While I was in the area, I decided to paint in the MAZDA logos on the housings, too. Jason had highlighted the 12A emblems - and I knew he was celebrating that it was the resurrection of the "humble" 12A in a form Mazda techs could only have dreamed of 30 years ago - but it just looked slightly odd to me. So I finished it and blocked in the MAZDAs too with some high-temperature enamel
And whilst I was getting all arty...
Steady hand required, lol. Maybe it's these dark autumn evenings spent watching too much Overhaulin', but I keep finding myself thinking "hmmmm...what would Chip do?" And being unable to come within a lightyear of his talent, I can still work on his mantra of; make it stock
+ ...put in loads of little touches people may never notice but that add up to make the whole look, well... just better. So, with some roughing up once the mask was (very carefully) cut and then acid etch primer
and a few coats of Tender Blue plus several of lacquer
...and I have a K&N filter box lid not exactly like anyone else's in the world (maybe). Anyway, I like it more now, lol. And the filter has definitely tamed the evil starting habits of the motor, too, so well worth the time and money
So now we have a bay that pretty much looks like this
and there are a load of things I still want to do, but I'm completely broke right now so they'll have to wait. Paint I had so it's essentially free mods, but the next wave will have to wait for now. However, there were a few things that desperately needed attention. I'd forgotten just how scary it was driving a Rex on an unlit night road until autumn arrived just in time for me to get the car back! I used to augment the awful headlights with the fogs but they decided to play up through disuse and blew bubs and fuses. While I was waiting for some esoteric and obscure H2 replacement bulbs to arrive from some faraway corner of the internet, I set to fitting some new headlights. I'd had these in the garage since last winter, when I'd never quite got around to fitting them, but now it became a priority. They're just ebay MX-5 (Miata, eunos Roadster, whatever you like to call them depending which continent you're on, I guess) units so I wasn't expecting miracle transformation. However, as I began stripping out the old ones it became clear they were almost certainly the originals and equally certainly FUBAR
The reflector bowls seem to have delaminated or something and gone all milky (it said this on an MOT advisory years ago but never since, strangely). Put besides a new one, you can really see the difference. The new one looks black because it's actually reflecting... in this case, the inside of the garage roof. Which is black
The bezels weren't in much better state. They're chromed steel so there wasn't much I could do as they'd begun to rust.

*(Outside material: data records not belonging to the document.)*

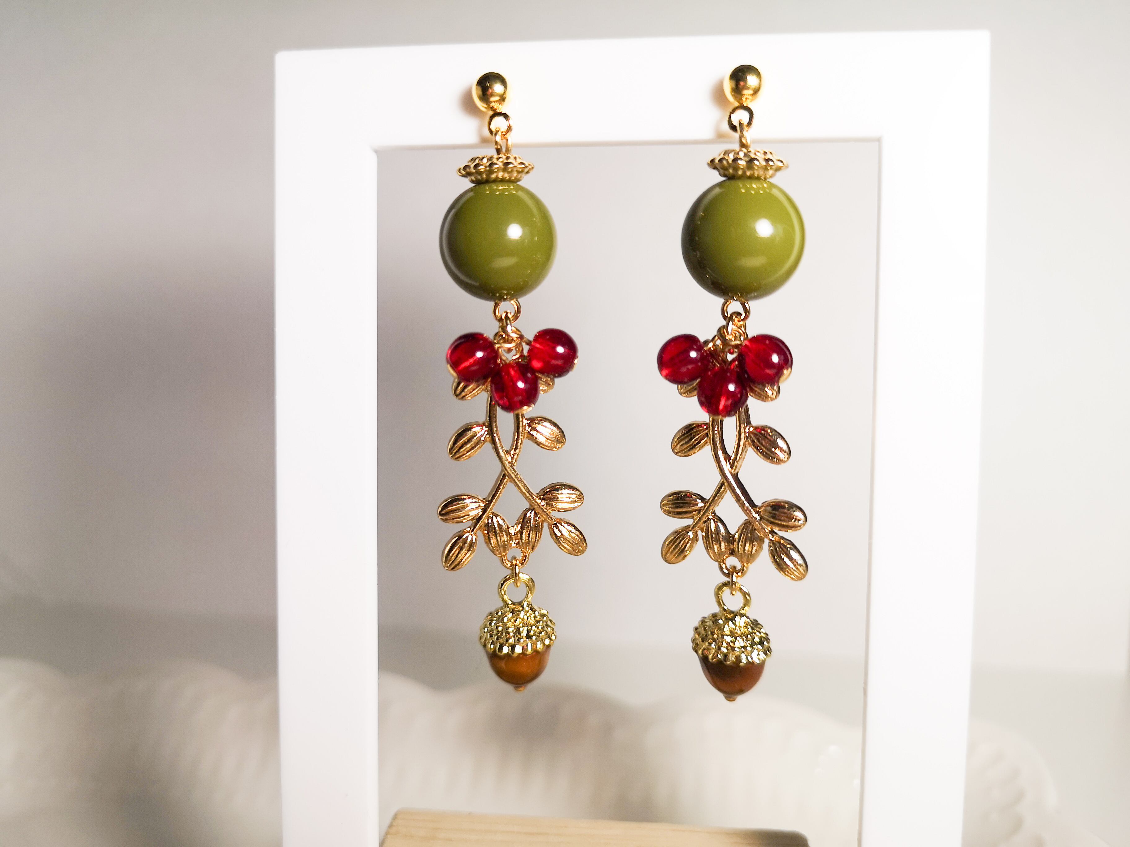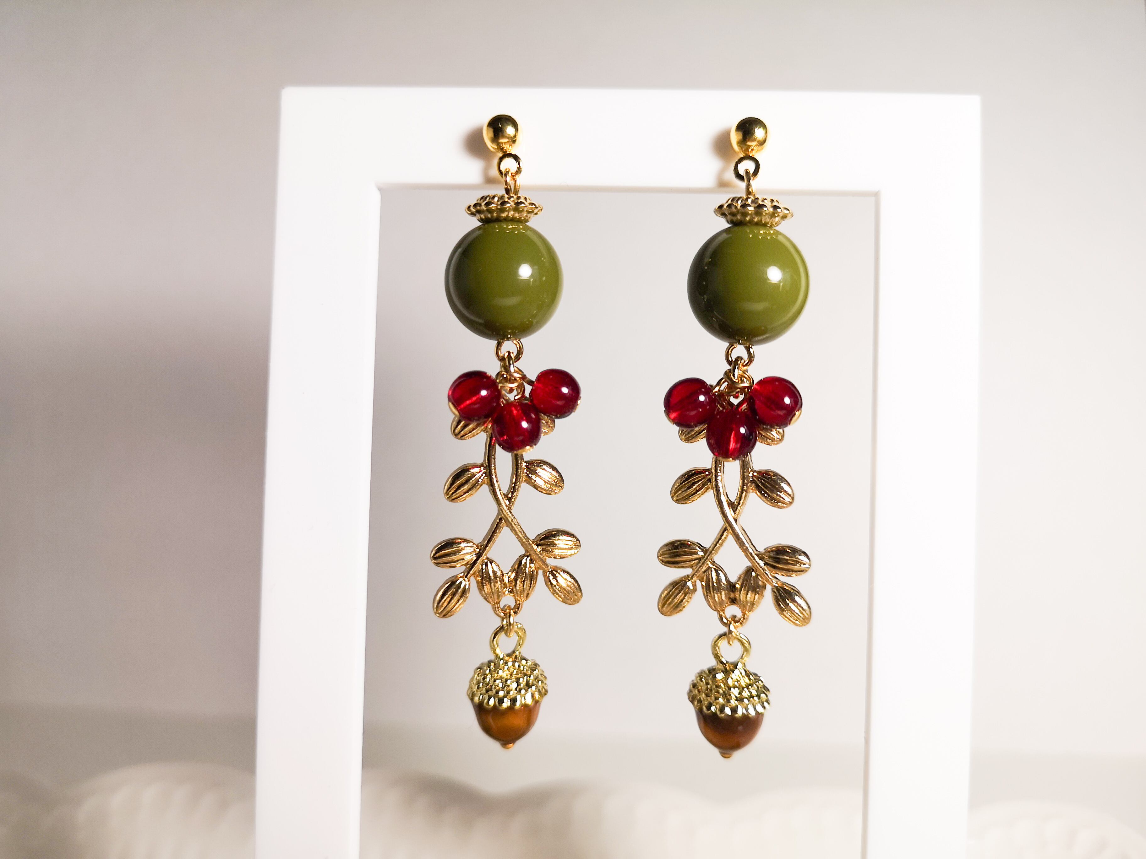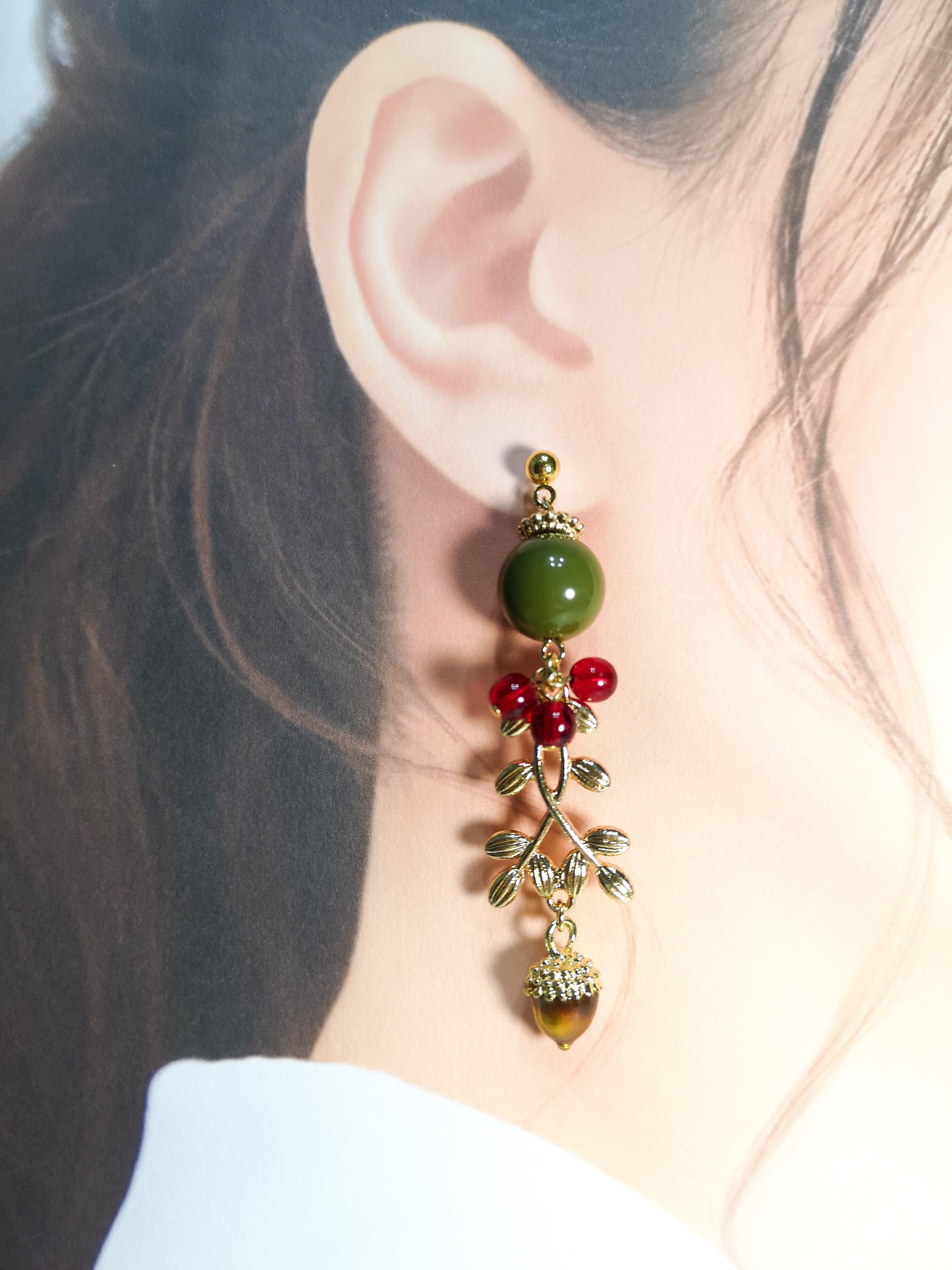 どんぐりとガラスで出来た真っ赤な木の実をモチーフにした、特別なアクセサリーが耳元を華やかに演出します。
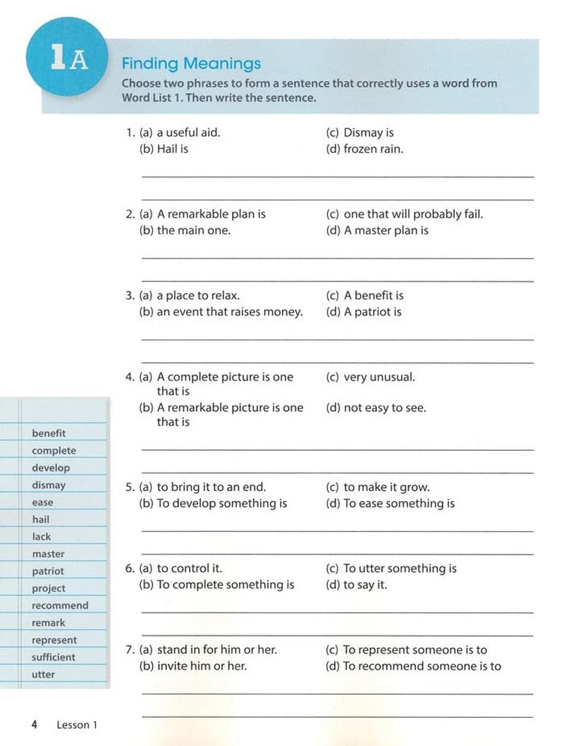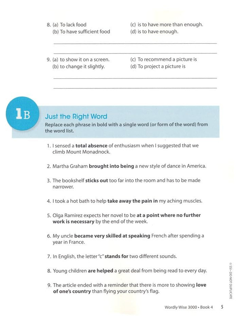 New, engaging activities that provide a greater variety for students and align with current state and national standards. An emphasis on peer sharing and interaction through "Turn and Talk" activities that include instructions to discuss and act out word knowledge. Differentiated reading passages and teacher support to help teachers work with students struggling with grade-level content. Access to Quizlet's pre-loaded Wordly Wise 3000 approved study sets - a fun and engaging learning app that reinforces vocabulary words through study and game activities.
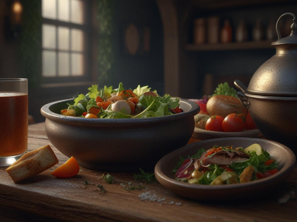 A hearty bouillon soup filled with sweet onions, covered with shredded cheese and baked in an oven until golden brown. A hard, leavened rye bread traditionally eaten by the knights of Ishgard.GINGER SALAD
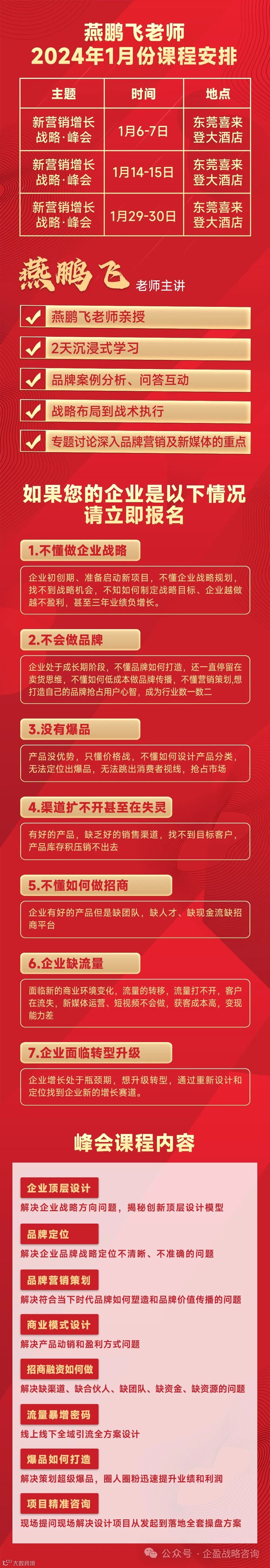 燕鹏飞老师2024年1月份课程安排
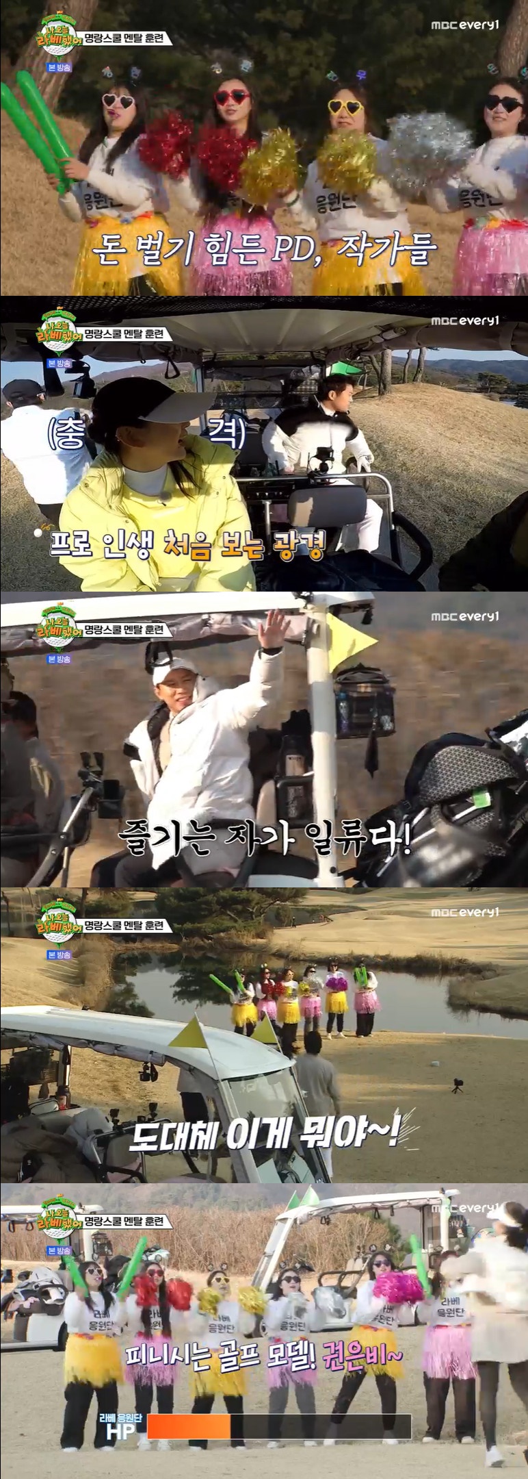 치어리더로 변신한 제작진은 "보여줘요 김국진. 도와줘요 문정현. 이번에는 보여줘 전현무. 잘생겼다 허경환. 골프 모델 권은비"라고 외치며 멤버들의 멘탈을 흔들기 시작했다.

Since all the other trim on the car is black anyway, it seemed the obvious thing to do just to sand them back and spray them black
It also gave me a chance to clean up in areas that are often left to rot. And found all these bits pleasantly free from corrosion. I also was left wondering, as will anyone who's driven an FD and seen the depressing sight of their headlight cover finally gain its freedom and fly free over the car under the wheels of a Scania... why the hell did Mazda ever change this set-up?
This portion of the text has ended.